In this, becoming a professional can also be understood as an aesthetic experience through which all senses are involved. For a cook, a specific taste can signify something that no one else would detect, as for a surgeon touching his patient skin, a musician listening to the tune of an instrument, an architect seeing a building or a mechanic smelling smoke from an engine. In this article, we will focus on the ways professionals dress. Indeed, dress codes are fundamental ways to automatically – and discreetly – recognize someone from your own tribe, community, or profession. Moreover, these ways of dressing can incorporate other specific information – encoded messages such as integration to a subgroup or last week’s performance. Exploring dress codes in three typical professions in finance, we have discovered that they also are mediums of communication within the group, strengthening a certain aesthetic sense of belonging and of presenting the self.
The aesthetics of professions
Aesthetic allows for an understanding of how fragmented segment of activity (such as the financial sector for example) can constitute professions despite the looseness of formal components. Considering professions as being also aesthetic communities shifts the focus – or rather enlarges it – toward symbolic, corporeal and sensorial elements. Besides, the formal components are also carriers of aesthetic processes. For example, through similar trainings, novices learn how to express and dress themselves accordingly. “Across these schools students are acquainted with shared ways of expressing their ideas visually through conventionalized symbols and signs (…) Thus, aesthetic knowledge becomes seen as a form of knowledge that is jointly held and enacted by members of professional communities, organizations and networks” (Ewenstein & Whyte, 2007). The expression and enactment of a certain aesthetic, within knowledge or appearance, not only communicate an affiliation but also a shared view on the activity to be carried, the community to belong to and the worldview to sustain.

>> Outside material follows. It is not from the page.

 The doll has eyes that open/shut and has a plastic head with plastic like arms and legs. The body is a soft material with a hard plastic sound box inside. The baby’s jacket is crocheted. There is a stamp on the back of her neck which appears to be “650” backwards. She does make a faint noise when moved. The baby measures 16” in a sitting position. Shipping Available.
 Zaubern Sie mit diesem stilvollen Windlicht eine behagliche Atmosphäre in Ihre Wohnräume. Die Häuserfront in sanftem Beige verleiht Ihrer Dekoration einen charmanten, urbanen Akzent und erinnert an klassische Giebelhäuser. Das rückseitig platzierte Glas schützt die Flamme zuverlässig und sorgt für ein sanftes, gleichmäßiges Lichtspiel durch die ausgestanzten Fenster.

Professions should also be explored as aesthetic communities, through the many corporeal, symbolic and sensorial elements that allow professionals to define themselves as such. Consequently, we have chosen to focus on an apparently non-productive dimension of the activity: the way people dress.

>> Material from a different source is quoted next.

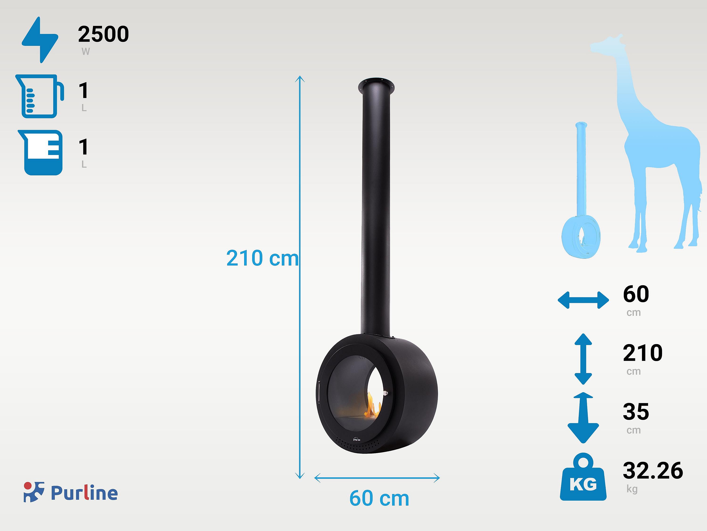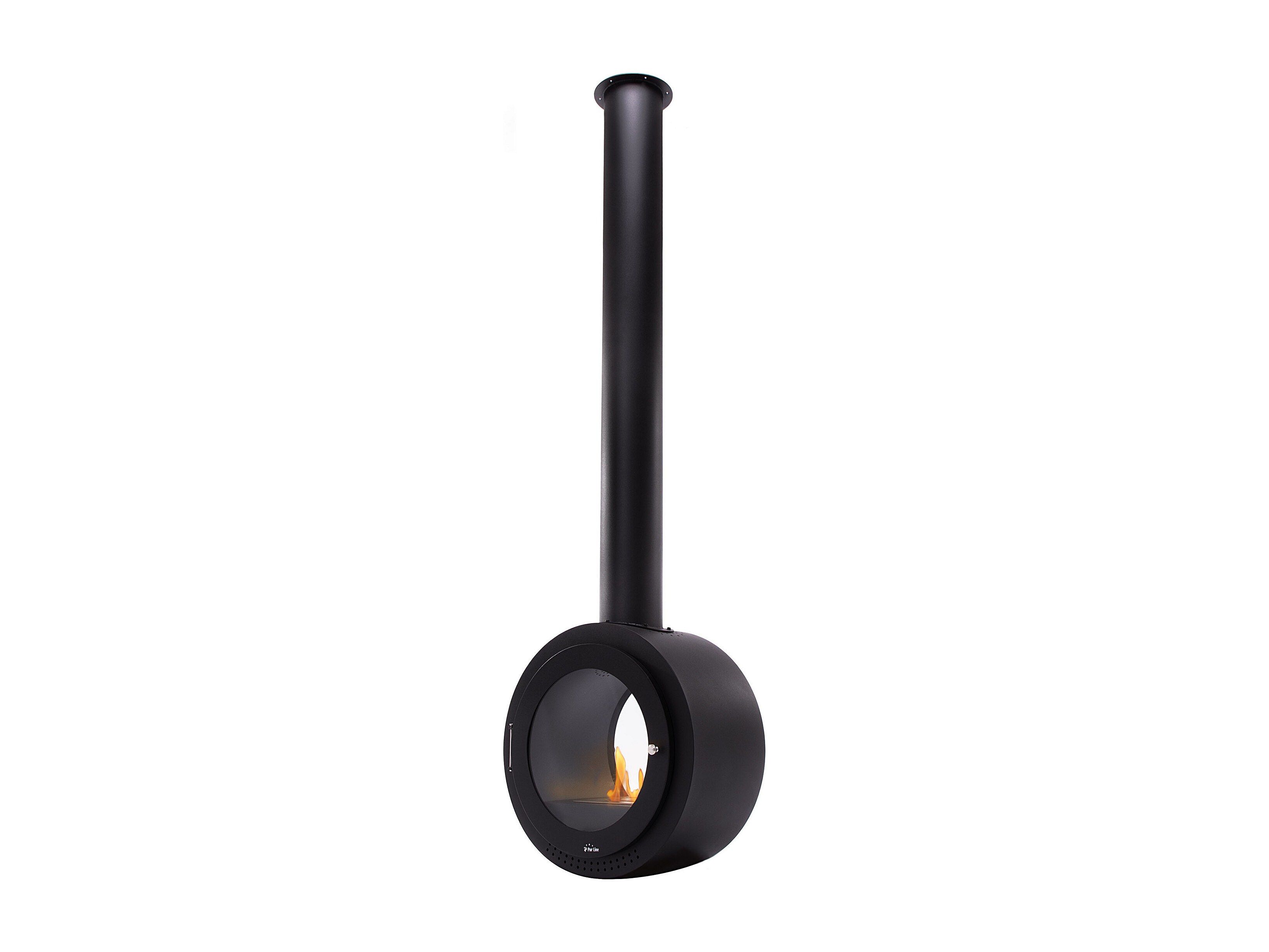 Cheminée à l'éthanol en noir avec des bûches décoratives

Dress codes are an inherent element of professions allowing for a direct visual distinction between members and non-members. They can go from finely defined uniforms to general indications, and not respecting them can result in sanctions going from dismissal to insults and mockeries (Rafaeli & Pratt, 1993). Companies spend billions of dollars each year to define, purchase, maintain and monitor these dress codes (Solomon, 1987). Therefore, dress codes can be considered as important carriers of both organizational communication and individual identity that will be central for professions as communities and during the professionalization process. Extending Rafaeli & Pratt (1993) definition of organizational dress, we will define professional dress codes as the clothing (jackets, pants, shirts, skirts, sweaters, etc.) and artefacts (watches, jewellery, shoes, belts, ties, handbags, etc.) that members of a profession are expected to wear while performing their activities. Whatever the profession, dress codes allow for an aesthetical recognition, often on the very first impression (Douty, 1973; Conner, Nagasawa & Peters, 1975). Moreover, they influence the hiring process (Forsythe, 1990; Forsythe, Drake & Cox, 1985), especially for young professionals. A fine-grained understanding of professional dress codes allows for an enrich analysis of organizational dress considering the rise of turn-over within companies and that careers are now built on a multi-firms trajectory.
For younger aspiring professionals, adopting a dress code constitutes a way of stating their will to join the profession. In their study, Cardon & Okoro (2009: 358) showed that “business students about to enter the workplace strongly prefer business casual over casual workplace attire (because) various professional characteristic are communicated along a continuum of formal to casual workplace attire”. Another study conducted by Easterling, Leslie & Jones (1992) underlined the importance of dress codes in developing and enforcing traditions and conventions of professions. Consequently, compliance to dress codes provides “a symbolic statement that an individual will adhere to group norms and standardized roles and has mastered the essential group skills and values” (Joseph & Alex, 1972: 723). Therefore, dress codes cannot be fully separated from professions in which they take place and through which they can communicate professionalism and convey professional identities.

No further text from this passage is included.